→ **Data block**
:::::
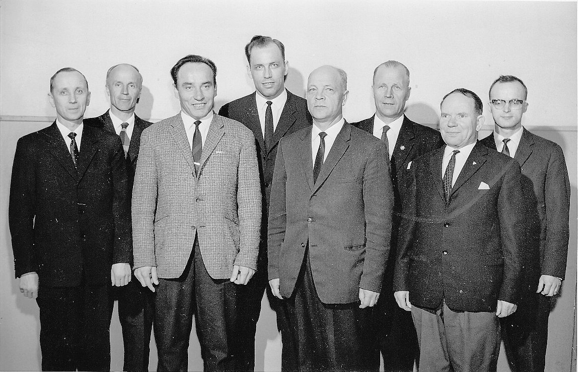 Palon johtokunta 1964, vas. Pentti Putkonen, Veikko "Porkkana" Rekola, Martti "Ruti" Kuivila, Erkki Sipilä, Toivo ja Veikko Juurinen, Tahvo Suokas ja Olavi Halme.
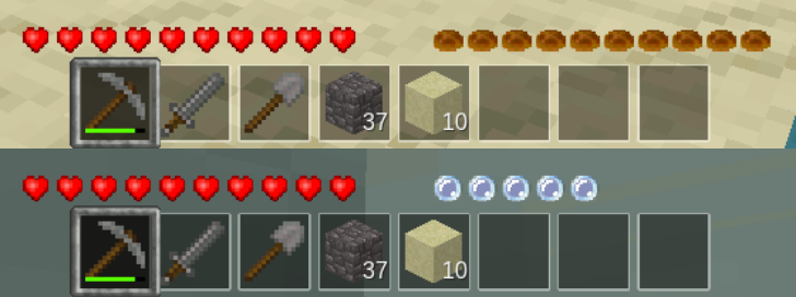 The mods adds a hunger bar at the position of the breath bar and hides the bar if the breath bar becomes visible so the most important bar is shown without cluttering the UI too much.
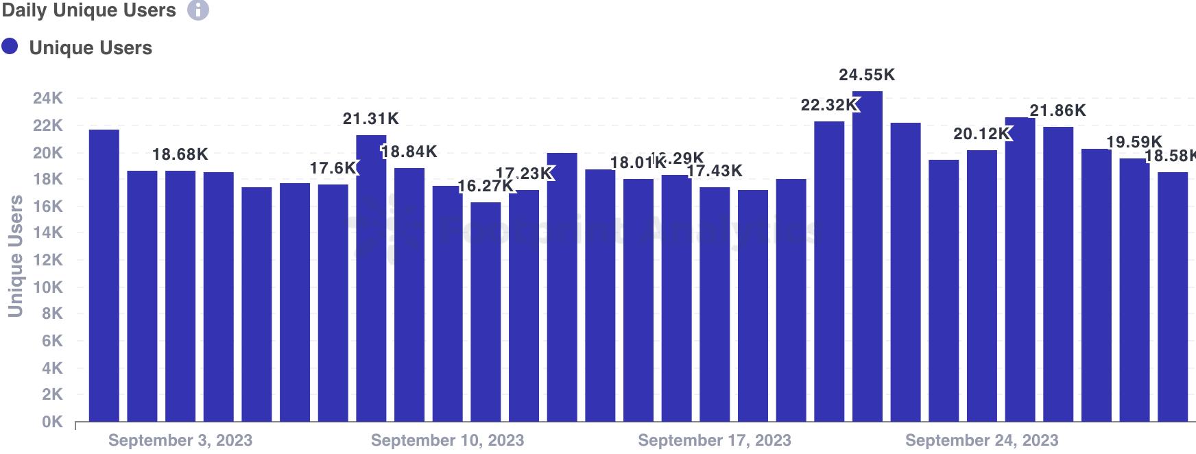 以太坊共吸引了 13.56 万独立用户,与 8 月份相比下降了 8.1%。Polygon 的独立用户数量也有所下降,共计 9.37 万,降幅为 30.5%。BNB 独立用户数量为 3.17 万,大幅下降了 42.2%。在过去几个月中,用户参与度持续下降。
:::::
→ **What to work on**
Please return all of the material above exactly, minus any pictures.

→ **Solution below**
 Palon johtokunta 1964, vas. Pentti Putkonen, Veikko "Porkkana" Rekola, Martti "Ruti" Kuivila, Erkki Sipilä, Toivo ja Veikko Juurinen, Tahvo Suokas ja Olavi Halme.
 The mods adds a hunger bar at the position of the breath bar and hides the bar if the breath bar becomes visible so the most important bar is shown without cluttering the UI too much.
 以太坊共吸引了 13.56 万独立用户,与 8 月份相比下降了 8.1%。Polygon 的独立用户数量也有所下降,共计 9.37 万,降幅为 30.5%。BNB 独立用户数量为 3.17 万,大幅下降了 42.2%。在过去几个月中,用户参与度持续下降。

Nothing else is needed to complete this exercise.